§ Data to use
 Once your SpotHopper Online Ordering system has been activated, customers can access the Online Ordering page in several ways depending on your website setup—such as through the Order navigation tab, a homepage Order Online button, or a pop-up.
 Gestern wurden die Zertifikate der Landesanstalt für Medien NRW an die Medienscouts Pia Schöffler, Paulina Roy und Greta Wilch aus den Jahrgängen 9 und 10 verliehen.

==

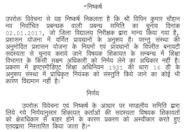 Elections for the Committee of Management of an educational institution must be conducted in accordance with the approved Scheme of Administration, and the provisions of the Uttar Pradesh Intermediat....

§ Requirement
What you give back should be exactly the lines of the data above from the line with "Once your SpotHopper" through the line with "Gestern wurden die", both of those included, and nothing more.

§ Reply
 Once your SpotHopper Online Ordering system has been activated, customers can access the Online Ordering page in several ways depending on your website setup—such as through the Order navigation tab, a homepage Order Online button, or a pop-up.
 Gestern wurden die Zertifikate der Landesanstalt für Medien NRW an die Medienscouts Pia Schöffler, Paulina Roy und Greta Wilch aus den Jahrgängen 9 und 10 verliehen.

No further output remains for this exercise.